Sometime last spring I decided to check out my town’s cemetery, about a mile’s walk from my house. Chestnut Grove is 25 acres with a smattering of 200-year-old oaks and graves dating to the 1830s. Some are recently dug, not yet occupied. In the 10 months I’ve been taking walks there (the sanctity and peacefulness makes it one of new favorite local walking spots), I’ve seen a dozen or more new graves, many for people much younger than me. The names on the headstones have become familiar, and I often wonder how they died, especially the young ones. There’s a section for babies, as touching as it is heartbreaking. Color toys and trinkets and flowers scatter the ground—little cars, balls, stuffed animals. One child’s grave with a death date of 2015 still bears the temporary metal funeral home sign, no stone. Can the family not afford a stone or has the child been forgotten?

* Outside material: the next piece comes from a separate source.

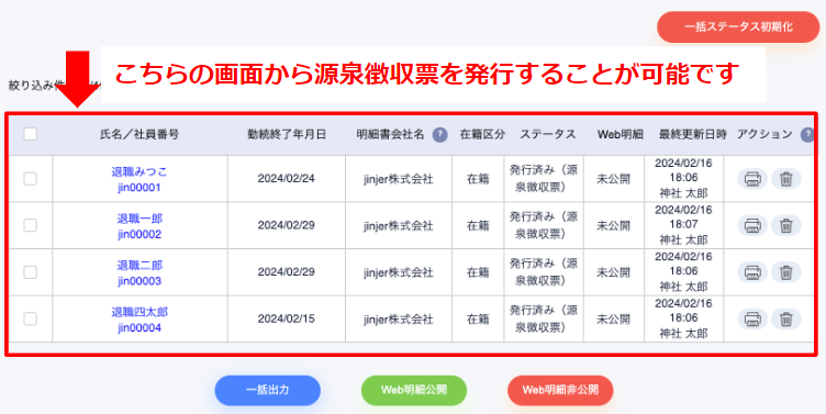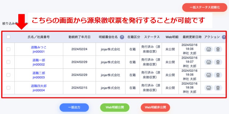 ▶管理者側で行う、明細書・源泉徴収票の出力画面

Volunteers for Wreaths Across America left their mark here at Christmas. Piles of wreaths are being collected and taken down now, even though they are still in beautiful shape. It seems almost disrespectful to me. Why not leave them up until spring?
One plot has a mailbox; inside is a stack of envelopes. For the deceased? The survivors? A sweet touch.
One of the more well-known persons whose ashes are interred here is Dith Pran, the Cambodian journalist, photographer, and activist who suffered under the Khmer Rouge. His story was portrayed in the film “The Killing Fields.” As a former journalist, I have the utmost respect for journalists who risk their lives to tell the truth about injustice and genocide.